Rabu, 30 Maret 2016

karya ilmiah



     
BENARKAH EKSISTENSI PENGELOLA SEKOLAH MEMPENGARUHI MUTU SISWA
Disusun oleh :
YUSRAN A. TOMUTU
NIM: 281414051





JURUSAN SOSIOLOGI FAKULTAS ILMU SOSIAL UNIVERSITAS NEGERI GORONTALO


Untuk lomba karya ilmiah
2016

KATA PENGANTAR

            Rasa syukur kepada sang pencipta cinta (Allah SWT) yang telah menciptakan cinta kepada makhluk yang dicintai. Penulis berterimakasih atas karunia yang telah diberikan oleh sang pencipta cinta sehingga karya tulis ini dapat terselesaikan.
                    Tidak sedikit hambatan yang dihadapi dalam penyusunan tulisan ini, namun berkat Rahmat Allah SWT yang disertai semangat dan usaha keras serta bantuan dari semua pihak terutama teman-teman se-kelas, maka kesulitan tersebut dapat diatasi dengan baik.
                    Penulis menyadari keberadaan tulisan ini tidak luput dari kesalahan dan kekurangan, oleh sebab itu kritik dan saran demi penyempurnaan tulisan ini sangat penulis harapkan.
                    Semoga Allah SWT memberikan Taufik dan Hidayah kepada kita semua. Amin . . . !

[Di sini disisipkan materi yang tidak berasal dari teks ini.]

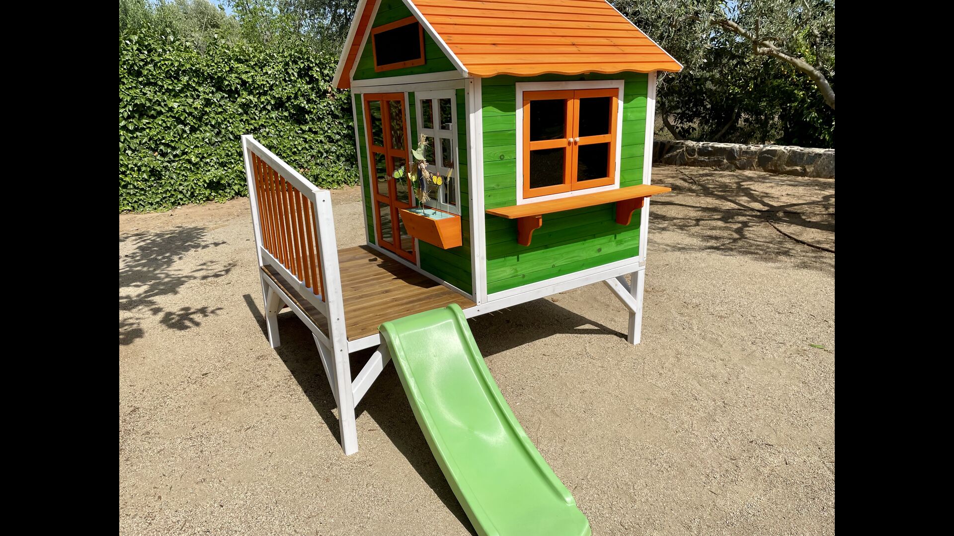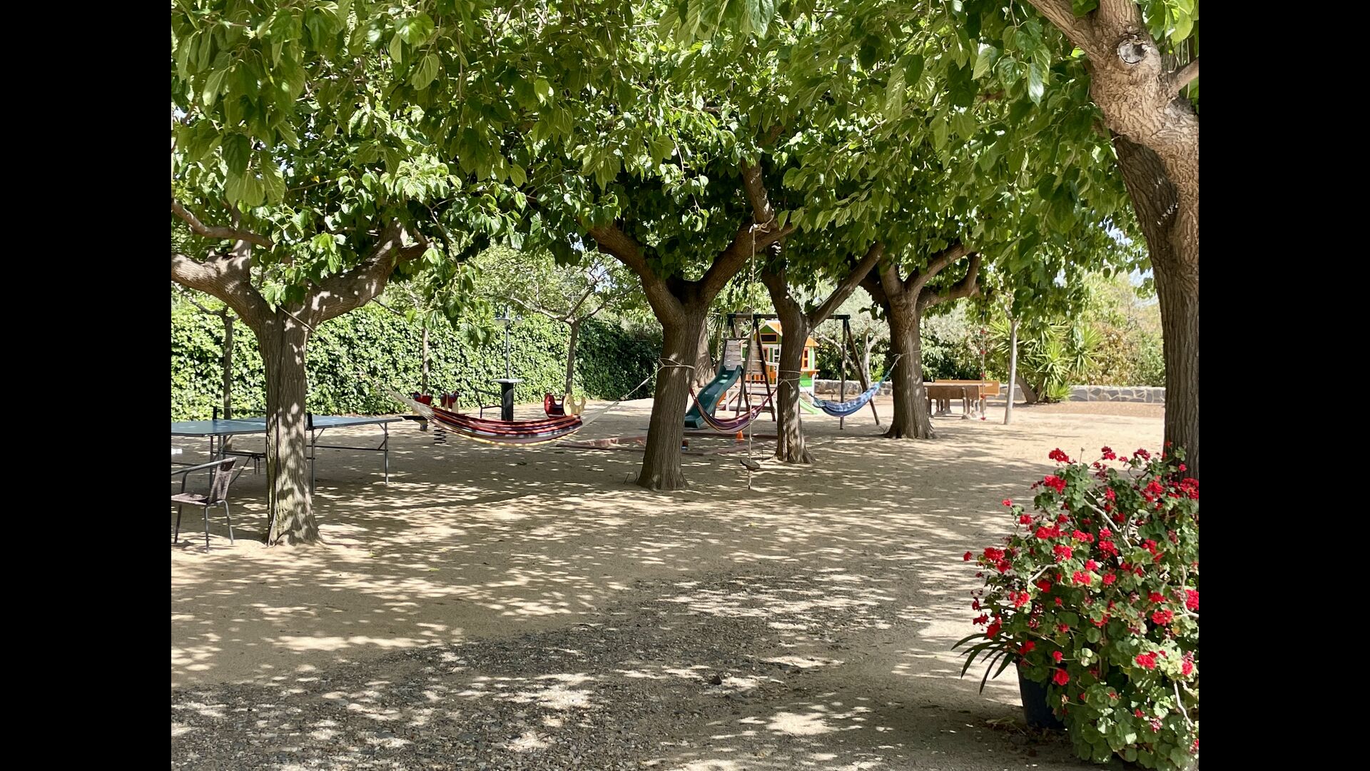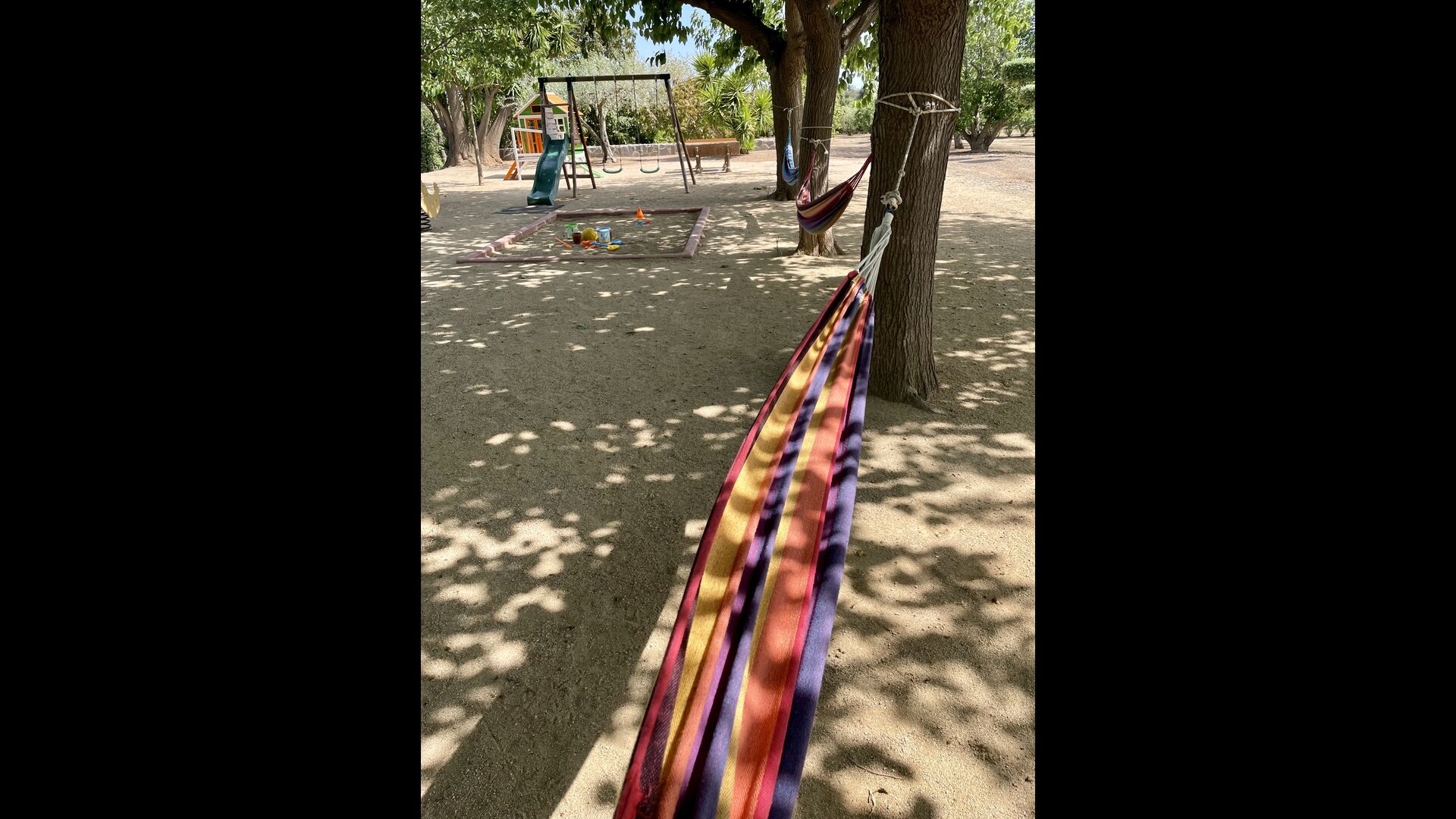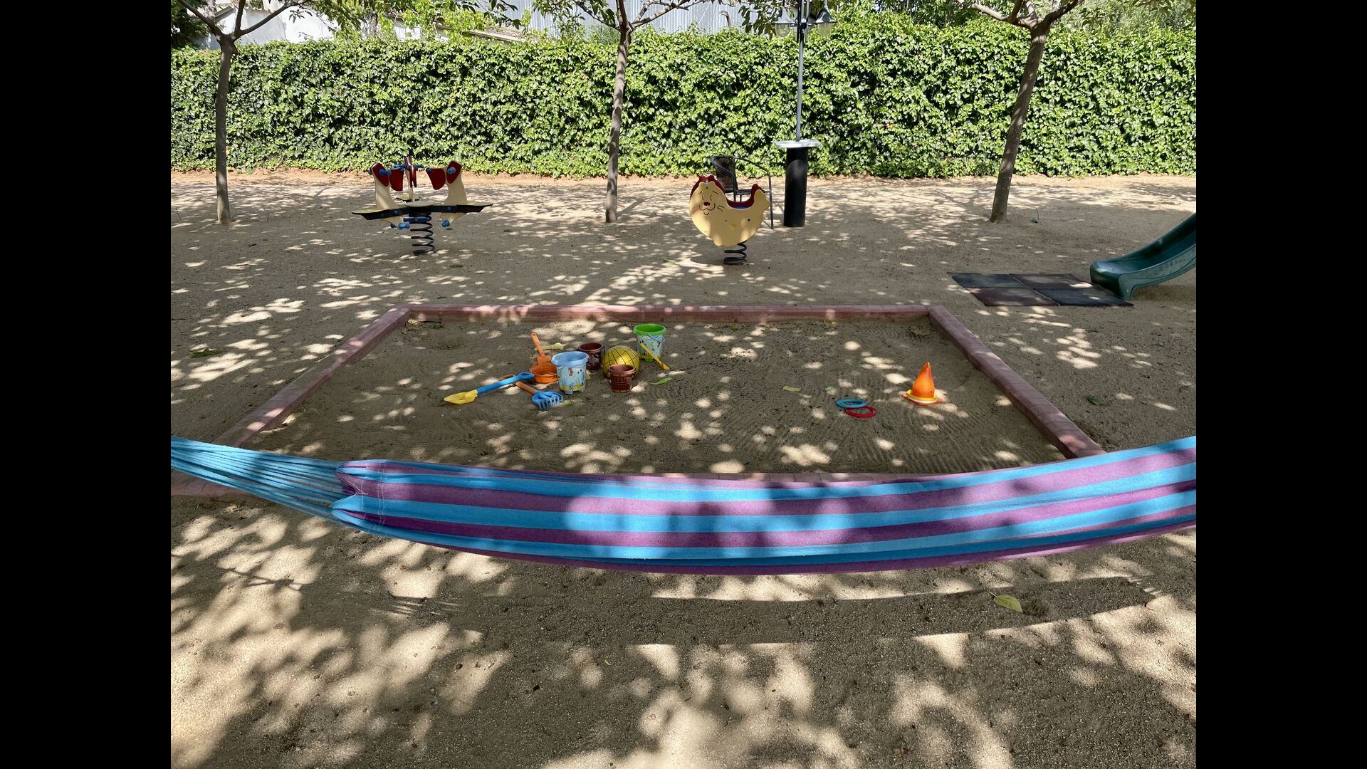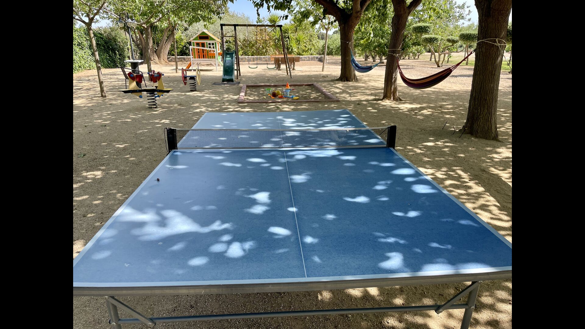 Legepladsen dækker den sidste store del af haven, dedikeret til børnene. Nyd livet i en hængekøje, mens børnene bruger gynger, sandkasse eller legehuset med rutsjebane. Ejendommen er ideel, hvis du rejser med små børn.

                                                                             Gorontalo,     Maret  2016
                                                                                       Penulis,






ii




DAFTAR ISI

JUDUL...................................................................................................i
KATA PENGANTAR..........................................................................ii
DAFTAR ISI........................................................................................iii
BAB I      PENDAHULUAN
A.     Latar Belakang...............................................................1
B.     Rumusan Masalah..........................................................4
C.     Pembahasan....................................................................4
BAB II     PENUTUP
A.     Kesimpulan..................................................................9
B.     Implikasi.......................................................................9
C.     Saran.............................................................................9
DAFTAR PUSTAKA.........................................................................12



iii


   BAB I
                                      PENDAHULUAN                  
A.    Latar Belakang

         Realita kehidupan yang menerjemahkan berbagai aspek, inilah bukti bahwa segala sesuatu terjadi pastinya akan ada bekas dan bekas itu menjadi asumsi asumsi dan kajian perspektif masyarakat luas dalam konteks penerjemahan fakta dan opini berdasarkan kenyataan yang ada selama ini. Jadi, mengenai hal itu tulisan ini  memaparkan  gejolak yang melanda bangsa terutama sumber daya manusia.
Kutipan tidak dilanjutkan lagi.